PROBLEM TO WORK ON: Return all the data below as it stands, minus the pictures.

DATA PROVIDED:
= Beginning of Section =

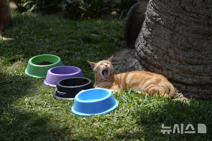 [리마=AP/뉴시스] 21일(현지 시간) 페루 리마의 미라플로레스 해안 지구에 있는 케네디 공원에서 길고양이 한 마리가 사료통 주변에 누워 늘어지게 하품하고 있다. 2025.02.22.
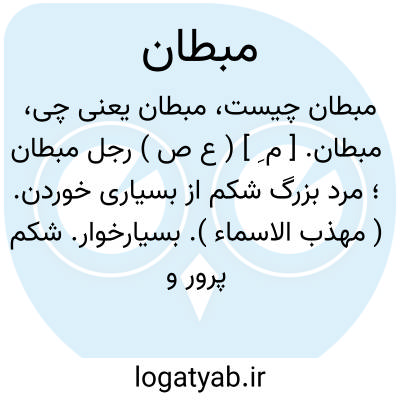 مبطان. [ م ِ ] ( ع ص ) رجل مبطان؛ مرد بزرگ شکم از بسیاری خوردن. ( مهذب الاسماء ). بسیارخوار. شکم پرور و کلان شکم. ( منتهی الارب ) ( آنندراج ). شکم بنده. شکم خوار. شکم پرور. ( یادداشت بخط مرحوم دهخدا ). آنکه از پرخوری شکم وی همیشه کلان می باشد و شکم پرست. ( ناظم الاطباء ).
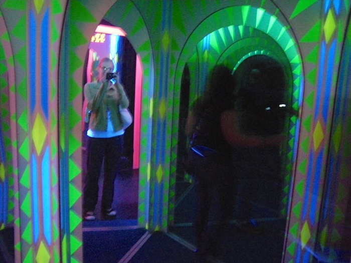 Then we went through an awesome funhouse. I had only been in the county fair type houses, so a full time funhouse was neat. We got lost in the plexiglass and mirror hallway for some time (its quite confusing to not walk into the glass!), and transported a cat into a skeleton. Oh and we thought we lost Juan at one point because he went down a tunnel slide that we werent sure was really operational – it looked like the whole thing was going to rip off the wall, and we never saw him come out. But once we got down the stairs, we found him. He had been slinking through some teeny tunnels.

= End of Section =

COMPLETED EXERCISE:
 [리마=AP/뉴시스] 21일(현지 시간) 페루 리마의 미라플로레스 해안 지구에 있는 케네디 공원에서 길고양이 한 마리가 사료통 주변에 누워 늘어지게 하품하고 있다. 2025.02.22.
 مبطان. [ م ِ ] ( ع ص ) رجل مبطان؛ مرد بزرگ شکم از بسیاری خوردن. ( مهذب الاسماء ). بسیارخوار. شکم پرور و کلان شکم. ( منتهی الارب ) ( آنندراج ). شکم بنده. شکم خوار. شکم پرور. ( یادداشت بخط مرحوم دهخدا ). آنکه از پرخوری شکم وی همیشه کلان می باشد و شکم پرست. ( ناظم الاطباء ).
 Then we went through an awesome funhouse. I had only been in the county fair type houses, so a full time funhouse was neat. We got lost in the plexiglass and mirror hallway for some time (its quite confusing to not walk into the glass!), and transported a cat into a skeleton. Oh and we thought we lost Juan at one point because he went down a tunnel slide that we werent sure was really operational – it looked like the whole thing was going to rip off the wall, and we never saw him come out. But once we got down the stairs, we found him. He had been slinking through some teeny tunnels.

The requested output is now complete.